=== Begin Enclosure ===

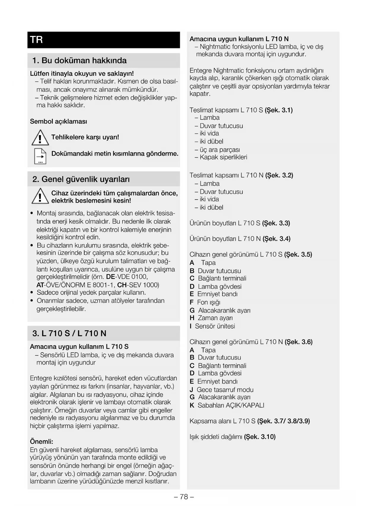 Amacına uygun kullanım L 710 S – Sensörlü LED lamba, iç ve dış mekanda duvara montaj için uygundur Entegre kızılötesi sensörü, hareket eden vücutlardan yayılan görünmez ısı farkını (insanlar, hayvanlar, vb.) algılar. Algılanan bu ısı radyasyonu, cihaz içinde elektronik olarak işlenir ve lambayı otomatik olarak çalıştırır. Örneğin duvarlar veya camlar gibi engeller nedeniyle ısı radyasyonu algılanmaz ve bu durumda hiçbir çalıştırma işlemi yapılmaz. Önemli: En güvenli hareket algılaması, sensörlü lamba yürüyüş yönünün yan tarafında monte edildiği ve sensörün önünde herhangi bir engel (örneğin ağaç- lar, duvarlar vb.) olmadığı zaman sağlanır. Doğrudan lambanın üzerine yürüdüğünüzde menzil kısıtlanır. Amacına uygun kullanım L 710 N – Nightmatic fonksiyonlu LED lamba, iç ve dış mekanda duvara montaj için uygundur. Entegre Nightmatic fonksiyonu ortam aydınlığını kayda alıp, karanlık çökerken ışığı otomatik olarak çalıştırır ve çeşitli ayar opsiyonları yardımıyla tekrar kapatır. Teslimat kapsamı L 710 S (Şek.3.1) – Lamba – Duvar tutucusu – iki vida – iki dübel – üç ara parçası – Kapak siperlikleri Teslimat kapsamı L 710 N (Şek.3.2) – Lamba – Duvar tutucusu – iki vida – iki dübel Ürünün boyutları L 710 S (Şek.3.3) Ürünün boyutları L 710 N (Şek.3.4) Cihazın genel görünümü L 710 S (Şek.3.5) A Tapa B Duvar tutucusu C Bağlantı terminali D Lamba gövdesi E Emniyet bandı F Fon ışığı G Alacakaranlık ayarı H Zaman ayarı I Sensör ünitesi Cihazın genel görünümü L 710 N (Şek.3.6) A Tapa B Duvar tutucusu C Bağlantı terminali D Lamba gövdesi E Emniyet bandı J Gece tasarruf modu G Alacakaranlık ayarı K Sabahları AÇIK/KAPALI Kapsama alanı L 710 S (Şek.3.7/ 3.8/3.9) Işık şiddeti dağılımı (Şek.3.10)– 79 –
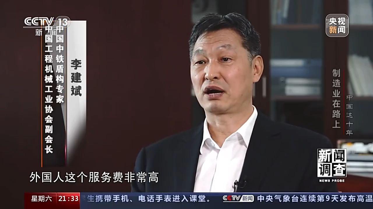 中國工程機械工業(yè)協(xié)會副會長 中國中鐵盾構專家 李建斌:兩臺將近七個億,外國人這個服務費非常高,服務的時間非常短,每天就是八小時,過了人家不上班,我們是三班制,他是一班制,機器壞了我們就要等,這個是對我們刺激非常大,你不掌握技術,所以說你處處受制于人。
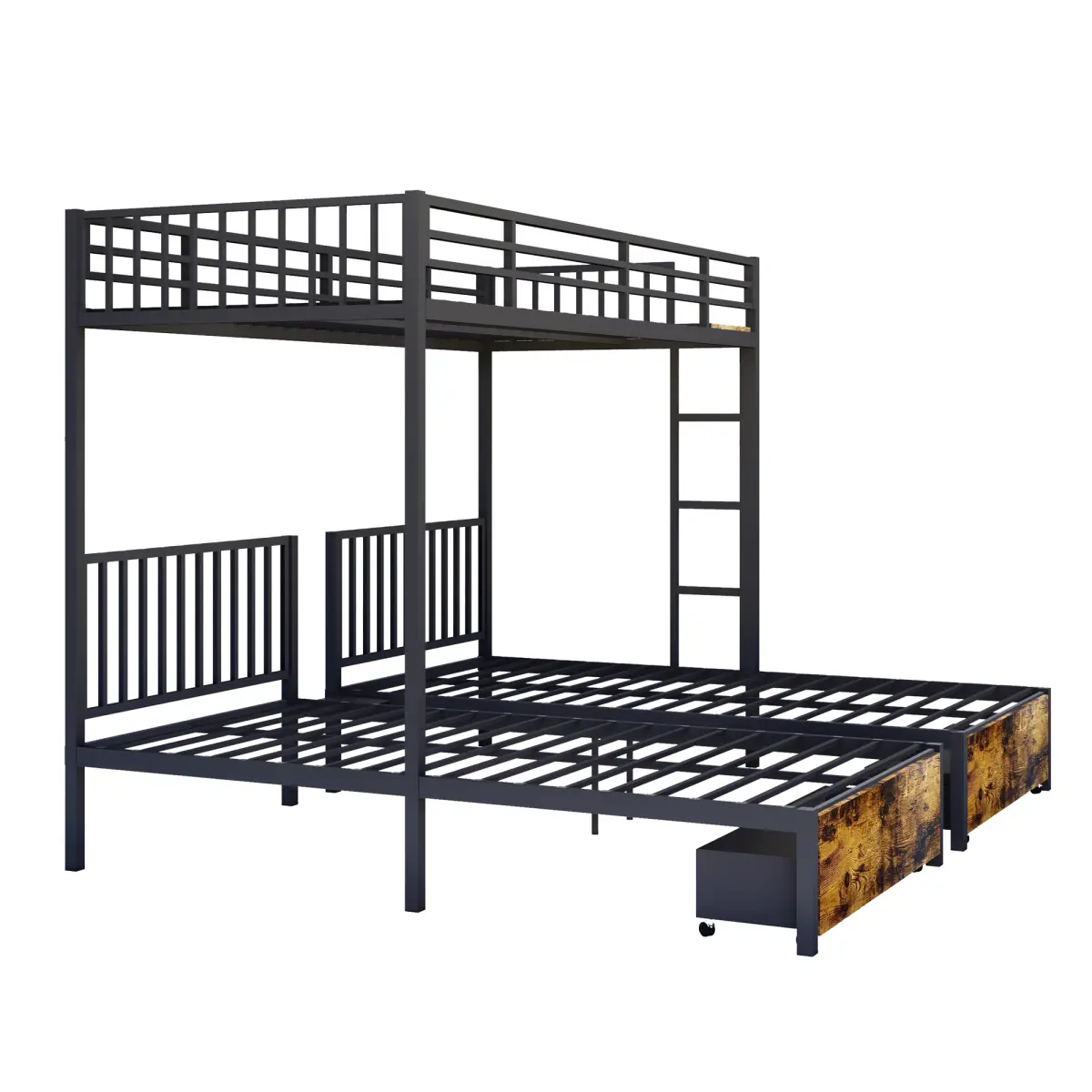 ·Triple Bunk Bed with Storage Drawers: Designed with two spacious under-bed drawers, this triple bunk bed transforms unused space into valuable storage. Maximize every inch of space. Keep daily essentials neatly tucked away and maintain a clutter-free, organized bedroom effortlessly.
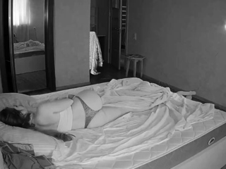 Small titted brunette teen fingering on the bed
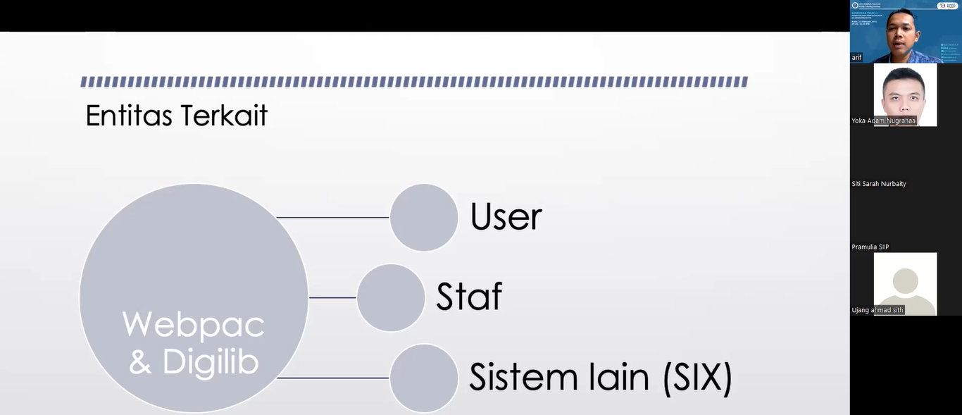 Dalam kegiatan yang dilaksanakan secara daring melalui aplikasi zoom pada hari Rabu (23/02/2022) menghadirkan 4 (empat) narasumber dari UPT Perpustakaan dengan moderator Siti Sarah Nurbaity, S.Sos. Narasumber yang pertama adalah Esha Mustika Dewi, S.Sos (Koordinator Layanan Pengembangan Koleksi Cetak) dengan materi Mekanisme pengusulan buku cetak. Nara sumber kedua adalah Iin Supriatin, S.Sos (Koordinator Layanan Sirkulasi) menyampaikan materi Peminjaman koleksi cetak secara daring. Sesi selanjutnya adalah penyampaian materi akses Koleksi E-Resources (E-Journal dan E-Book) dengan narasumber Yoka Adam Nugrahaa, S.Sos (Kepala Bidang Layanan Pemustaka dan Literasi Ilmiah), dan narasumber terakhir adalah M. Arif Trikanda, S.Si (Kepala Bidang Teknologi Informasi Perpustakaan), dengan materi Pemanfaatan perpustakaan digital (digilib) dan sistem informasi perpustakaan (webpac).
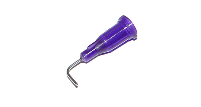 Dozujące igły aplikacyjne z tępą kaniulą wygiętą pod kątem prostym do aplikacji materiałów w trudno dostępnych miejscach. Kaniula każdej igły jest wykonana ze stali nierdzewnej i zamontowana za pomocą kleju w nylonowej szyjce z gwintowaną blokadą do przykręcenia do kartridża. Każda z igieł jest wyposażona w gwintowany system blokujący do niezawodnego i szybkiego mocowania do kartridża dozującego, strzykawki lub ręcznego dozownika.
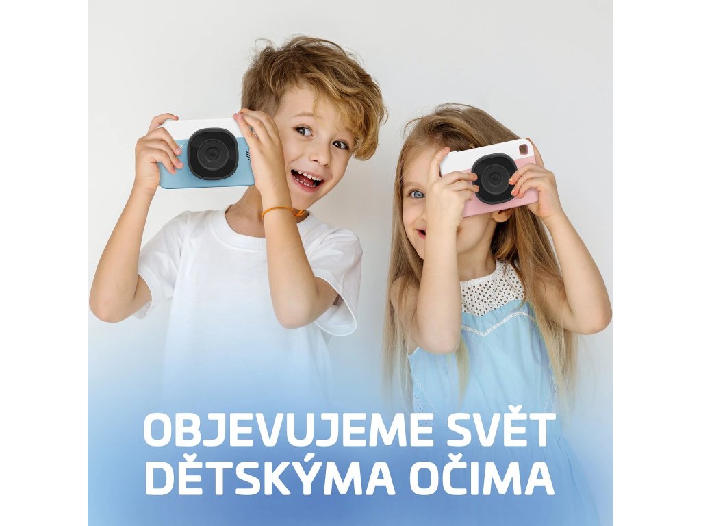 Foťák je dostupný v modré a růžové variantě, aby si vybral každý.
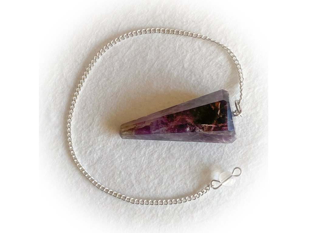 Kyvadlo z facetovaného ametystu, délka kamene 4 cm.

=== End Enclosure ===

» **Directions**:
Leave out the pictures and output the rest of the material exactly as written.

» **Exercise result**:
 Amacına uygun kullanım L 710 S – Sensörlü LED lamba, iç ve dış mekanda duvara montaj için uygundur Entegre kızılötesi sensörü, hareket eden vücutlardan yayılan görünmez ısı farkını (insanlar, hayvanlar, vb.) algılar. Algılanan bu ısı radyasyonu, cihaz içinde elektronik olarak işlenir ve lambayı otomatik olarak çalıştırır. Örneğin duvarlar veya camlar gibi engeller nedeniyle ısı radyasyonu algılanmaz ve bu durumda hiçbir çalıştırma işlemi yapılmaz. Önemli: En güvenli hareket algılaması, sensörlü lamba yürüyüş yönünün yan tarafında monte edildiği ve sensörün önünde herhangi bir engel (örneğin ağaç- lar, duvarlar vb.) olmadığı zaman sağlanır. Doğrudan lambanın üzerine yürüdüğünüzde menzil kısıtlanır. Amacına uygun kullanım L 710 N – Nightmatic fonksiyonlu LED lamba, iç ve dış mekanda duvara montaj için uygundur. Entegre Nightmatic fonksiyonu ortam aydınlığını kayda alıp, karanlık çökerken ışığı otomatik olarak çalıştırır ve çeşitli ayar opsiyonları yardımıyla tekrar kapatır. Teslimat kapsamı L 710 S (Şek.3.1) – Lamba – Duvar tutucusu – iki vida – iki dübel – üç ara parçası – Kapak siperlikleri Teslimat kapsamı L 710 N (Şek.3.2) – Lamba – Duvar tutucusu – iki vida – iki dübel Ürünün boyutları L 710 S (Şek.3.3) Ürünün boyutları L 710 N (Şek.3.4) Cihazın genel görünümü L 710 S (Şek.3.5) A Tapa B Duvar tutucusu C Bağlantı terminali D Lamba gövdesi E Emniyet bandı F Fon ışığı G Alacakaranlık ayarı H Zaman ayarı I Sensör ünitesi Cihazın genel görünümü L 710 N (Şek.3.6) A Tapa B Duvar tutucusu C Bağlantı terminali D Lamba gövdesi E Emniyet bandı J Gece tasarruf modu G Alacakaranlık ayarı K Sabahları AÇIK/KAPALI Kapsama alanı L 710 S (Şek.3.7/ 3.8/3.9) Işık şiddeti dağılımı (Şek.3.10)– 79 –
 中國工程機械工業(yè)協(xié)會副會長 中國中鐵盾構專家 李建斌:兩臺將近七個億,外國人這個服務費非常高,服務的時間非常短,每天就是八小時,過了人家不上班,我們是三班制,他是一班制,機器壞了我們就要等,這個是對我們刺激非常大,你不掌握技術,所以說你處處受制于人。
 ·Triple Bunk Bed with Storage Drawers: Designed with two spacious under-bed drawers, this triple bunk bed transforms unused space into valuable storage. Maximize every inch of space. Keep daily essentials neatly tucked away and maintain a clutter-free, organized bedroom effortlessly.
 Small titted brunette teen fingering on the bed
 Dalam kegiatan yang dilaksanakan secara daring melalui aplikasi zoom pada hari Rabu (23/02/2022) menghadirkan 4 (empat) narasumber dari UPT Perpustakaan dengan moderator Siti Sarah Nurbaity, S.Sos. Narasumber yang pertama adalah Esha Mustika Dewi, S.Sos (Koordinator Layanan Pengembangan Koleksi Cetak) dengan materi Mekanisme pengusulan buku cetak. Nara sumber kedua adalah Iin Supriatin, S.Sos (Koordinator Layanan Sirkulasi) menyampaikan materi Peminjaman koleksi cetak secara daring. Sesi selanjutnya adalah penyampaian materi akses Koleksi E-Resources (E-Journal dan E-Book) dengan narasumber Yoka Adam Nugrahaa, S.Sos (Kepala Bidang Layanan Pemustaka dan Literasi Ilmiah), dan narasumber terakhir adalah M. Arif Trikanda, S.Si (Kepala Bidang Teknologi Informasi Perpustakaan), dengan materi Pemanfaatan perpustakaan digital (digilib) dan sistem informasi perpustakaan (webpac).
 Dozujące igły aplikacyjne z tępą kaniulą wygiętą pod kątem prostym do aplikacji materiałów w trudno dostępnych miejscach. Kaniula każdej igły jest wykonana ze stali nierdzewnej i zamontowana za pomocą kleju w nylonowej szyjce z gwintowaną blokadą do przykręcenia do kartridża. Każda z igieł jest wyposażona w gwintowany system blokujący do niezawodnego i szybkiego mocowania do kartridża dozującego, strzykawki lub ręcznego dozownika.
 Foťák je dostupný v modré a růžové variantě, aby si vybral každý.
 Kyvadlo z facetovaného ametystu, délka kamene 4 cm.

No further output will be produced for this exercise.